Task requirements> Transcribe the entries below without changing a word, and omit every picture.

(Supplied records Opens)

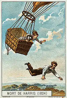 - 25 мая 1824 г. — лейтенант Томас Харрис, изобретатель клапана для выпуска газа из воздушного шара, погиб при падении шарльера из-за неконтролируемой утечки водорода. Его спутница получила тяжёлые травмы, но осталась жива.
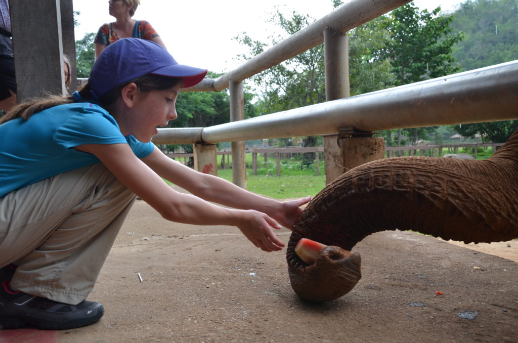 Jour 3 | CHIANG MAI : changement de décor, nous partons visiter l’Elephant Nature Park situé à une soixantaine de kilomètres de Chiang Mai, dans les montagnes de Mae Taeng. Il s’agit d’un sanctuaire qui recueille des éléphants autrefois exploités ou maltraités. Car c’est malheureusement une réalité pour cet animal iconique de la Thaïlande : l’éléphant est devenu un animal de foire, employé à tort pour promener les touristes sur leur dos lors de treks ou exhibés dans les cirques. Après une heure de route, nous arrivons à la réserve qui compte plus de 75 pensionnaires. Accueillis par une guide qui nous présente le fonctionnement et les actions du parc, nous poursuivons la visite par le nourrissage des éléphants qui se régalent de pastèques fraiches. Un moment unique forcément apprécié par les enfants ! Puis nous partons découvrir la réserve à la rencontre des pachydermes qui déambulent librement dans une vaste prairie, au milieu des montagnes de Mae Taeng.
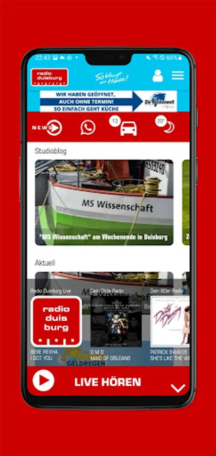 Our app has a new look and can now do even more! Listen to our program, our web channels or podcasts anytime, anywhere. Find out about all the news from Duisburg, NRW and the world and get all the information about the program and our events and promotions directly on your smartphone.
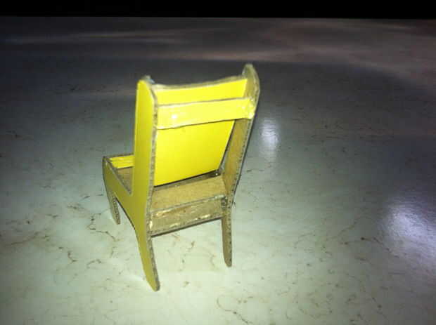 También, había hecho frente más ancho que la parte de atrás, y el modelo de la escala mostró que no parecía tan agradable en una silla más grande, así que descarté la parte del diseño.
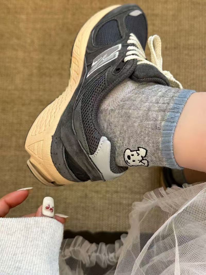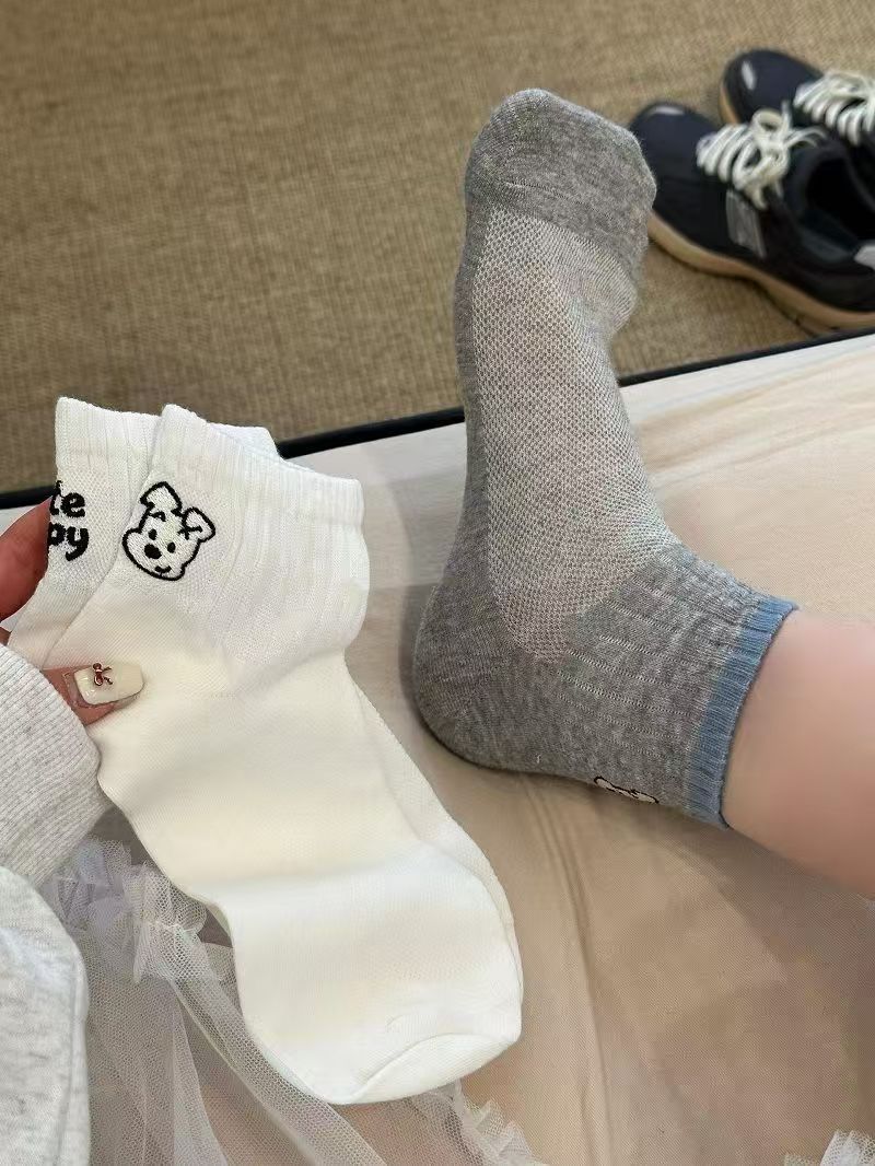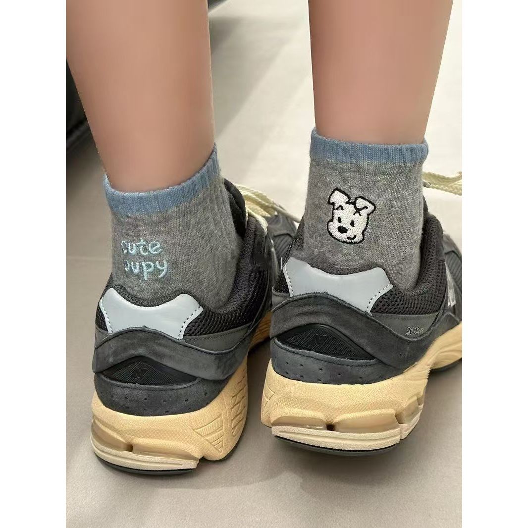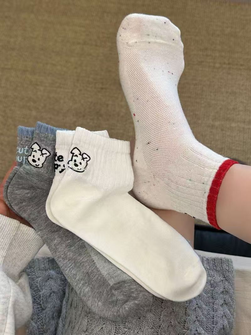 한국판 만화풍 뒷굽 AB 스타일 강아지 레터링 양말, 컬리지 스타일 귀엽고 다용도인 인스 스타일 로우컷 숏삭스 여성용

(Supplied records Closes)

Result>
 - 25 мая 1824 г. — лейтенант Томас Харрис, изобретатель клапана для выпуска газа из воздушного шара, погиб при падении шарльера из-за неконтролируемой утечки водорода. Его спутница получила тяжёлые травмы, но осталась жива.
 Jour 3 | CHIANG MAI : changement de décor, nous partons visiter l’Elephant Nature Park situé à une soixantaine de kilomètres de Chiang Mai, dans les montagnes de Mae Taeng. Il s’agit d’un sanctuaire qui recueille des éléphants autrefois exploités ou maltraités. Car c’est malheureusement une réalité pour cet animal iconique de la Thaïlande : l’éléphant est devenu un animal de foire, employé à tort pour promener les touristes sur leur dos lors de treks ou exhibés dans les cirques. Après une heure de route, nous arrivons à la réserve qui compte plus de 75 pensionnaires. Accueillis par une guide qui nous présente le fonctionnement et les actions du parc, nous poursuivons la visite par le nourrissage des éléphants qui se régalent de pastèques fraiches. Un moment unique forcément apprécié par les enfants ! Puis nous partons découvrir la réserve à la rencontre des pachydermes qui déambulent librement dans une vaste prairie, au milieu des montagnes de Mae Taeng.
 Our app has a new look and can now do even more! Listen to our program, our web channels or podcasts anytime, anywhere. Find out about all the news from Duisburg, NRW and the world and get all the information about the program and our events and promotions directly on your smartphone.
 También, había hecho frente más ancho que la parte de atrás, y el modelo de la escala mostró que no parecía tan agradable en una silla más grande, así que descarté la parte del diseño.
 한국판 만화풍 뒷굽 AB 스타일 강아지 레터링 양말, 컬리지 스타일 귀엽고 다용도인 인스 스타일 로우컷 숏삭스 여성용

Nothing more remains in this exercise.